# Start the drawing!!!!



## Califbowmen (Jul 1, 2008)

The numbers have been determined and all who need to know have been told, so what is the holdup with the drawing. I would like to know if it's going to be a hunting or fishing year. Why do we have to wait until the end of May to find out what tag if any did we draw.:neutral:


----------



## dkhntrdstn (Sep 7, 2007)

BECAUSE they like to make us wait and not get the scouting trips in and they dont want us losing any sleep.LOL


----------



## Elkoholic8 (Jan 15, 2008)

it's a conspiracy. See Utah doesn't have any big bucks or bulls anymore so they have to contract with ranchers in other states and countries to supply their animals. I heard there was a delay in the cloning process so it will be a while before the animals are ready to be shipped. You won't get your tag results until July or early August because they don't want people up in the hills right now while the new animals are being placed. It would give hunters an unfair advantage if they were to learn their whereabouts. Besides, the rule makers have to go inspect the antlers to pick out the ones that score the highest and remove them so us commoners can't get them. You know how they hate competition. After all, if you have not hunted in the last 3 years there is supposed to be a 4 point waiting for you.
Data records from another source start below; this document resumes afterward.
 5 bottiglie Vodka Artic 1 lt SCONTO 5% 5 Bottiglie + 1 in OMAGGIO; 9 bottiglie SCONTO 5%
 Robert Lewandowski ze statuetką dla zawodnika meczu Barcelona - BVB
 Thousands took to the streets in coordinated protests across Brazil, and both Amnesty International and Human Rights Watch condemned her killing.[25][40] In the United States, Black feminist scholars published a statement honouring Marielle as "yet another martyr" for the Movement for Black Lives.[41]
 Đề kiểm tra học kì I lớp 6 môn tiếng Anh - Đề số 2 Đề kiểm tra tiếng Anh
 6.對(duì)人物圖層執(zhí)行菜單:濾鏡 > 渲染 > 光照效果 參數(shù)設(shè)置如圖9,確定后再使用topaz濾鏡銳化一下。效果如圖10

Or at least that's what I heard from this one dude in Colorado...... on some kind of farm.....


----------



## PBH (Nov 7, 2007)

Califbowmen said:


> I would like to know if it's going to be a hunting or fishing year.


Your thinking is flawed.

It is ALWAYS a fishing year. There are just certain years when hunting get's in the way.
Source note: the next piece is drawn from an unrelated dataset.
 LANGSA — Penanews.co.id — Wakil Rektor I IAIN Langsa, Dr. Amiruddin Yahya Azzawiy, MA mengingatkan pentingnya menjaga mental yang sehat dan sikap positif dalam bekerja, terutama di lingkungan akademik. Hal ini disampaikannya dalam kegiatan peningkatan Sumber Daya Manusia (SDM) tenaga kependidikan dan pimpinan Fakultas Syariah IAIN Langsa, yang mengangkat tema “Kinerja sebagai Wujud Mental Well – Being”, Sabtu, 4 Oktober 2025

My recommendation: plan your fishing trip now. If you happen to draw a tag, then you can try to work around the hunt.


----------



## TEX-O-BOB (Sep 12, 2007)

dkhntrdstn said:


> BECAUSE they like to make us wait and not get the scouting trips in and they dont want us losing any sleep.LOL


Scouting in May? You're an idiot...


----------



## 4pointmuley (Sep 18, 2007)

The only big buck that is left is Robo Deer!


----------



## elkfromabove (Apr 20, 2008)

Califbowmen said:


> The numbers have been determined and all who need to know have been told, so what is the holdup with the drawing. I would like to know if it's going to be a hunting or fishing year. Why do we have to wait until the end of May to find out what tag if any did we draw.:neutral:


The holdups are; 1)reprogramming any changes to the system, 2)putting 180,000+ names, addressess, phone numbers, ID numbers, Soc Sec numbers, birthdates, etc. into a system that has to sort by residency, age, bonus/preference points, species, waiting periods, groups, lifetime license holders, Dedicated Hunters, and 1st, 2nd, 3rd, 4th and 5th choices for 550 hunts, 3) running the actual draw, 4)verifying results, 5)establishing eligibility, 6)posting the results online, and 7)printing and mailing 180,000+ successful/unsuccessful notices. There may be others, but I personally think Utah Wildlife Administrative Services of Fallon NV does a great job for only about $2.85 per application. Besides, you should have already made tentative plans to hunt, else why did you apply for the hunts you applied for?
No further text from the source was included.